También damos por sentado algunos aspectos del mundo laboral que evidenciarían la necesidad, mayor si cabe, de introducir una renta básica: el creciente fenómeno de los trabajadores pobres; las circunstancias extremadamente precarias de buena parte de la clase trabajadora; la alta probabilidad de una mayor mecanización y robotización que acarrearían, obviamente, un aumento del desempleo no compensado por la creación de nuevos puestos de trabajo; y drásticos cambios en las relaciones laborales (o su desaparición). No es necesario decir que estos tres asuntos están estrechamente relacionados.

En un estudio de 2013 frecuentemente citado, The Future of Employment: How susceptible are Jobs to Computerisation?[3], Carl Benedikt Frey y Michael A. Osborne calcularon que para el año 2033 casi la mitad de los puestos trabajo actuales se habrían automatizado. Por esta misma razón, muchas de las personas que trabajan en el campo de la inteligencia artificial apoyan una renta básica.

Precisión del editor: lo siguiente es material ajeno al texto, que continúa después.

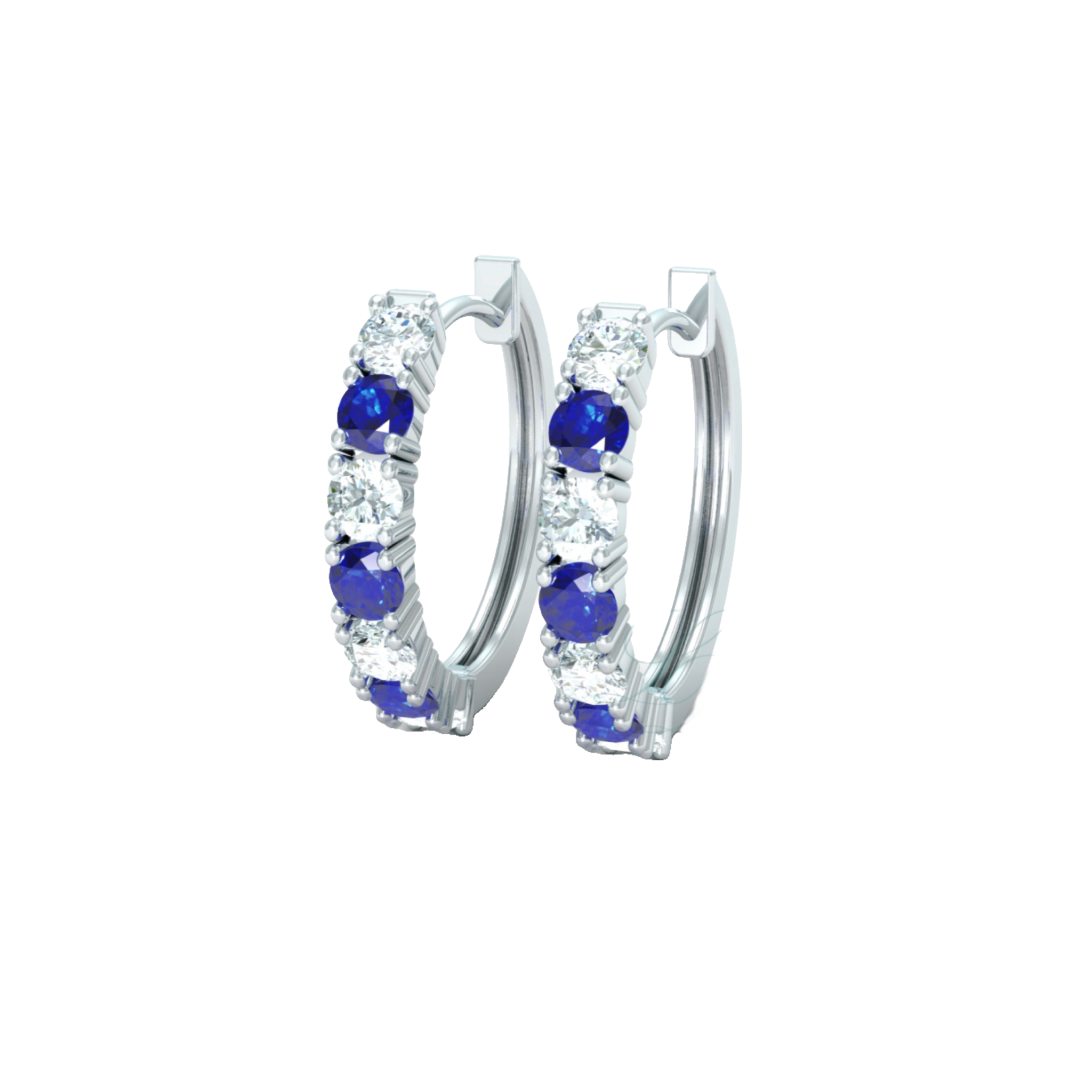 | Náušnice ze 14 Kt bílého zlata s modrými safíry a přírodními diamanty. | |

El experto en ciencia de datos Jeremy Howard ha afirmado que si no queremos que la mitad de la población mundial se muera de hambre por no aportar valor añadido, la mejor solución sería implementar una renta básica universal, basándose en la premisa de que todas las personas merecen una misma cantidad para vivir en condiciones dignas[4]. En otras palabras, la renta se disociaría del empleo.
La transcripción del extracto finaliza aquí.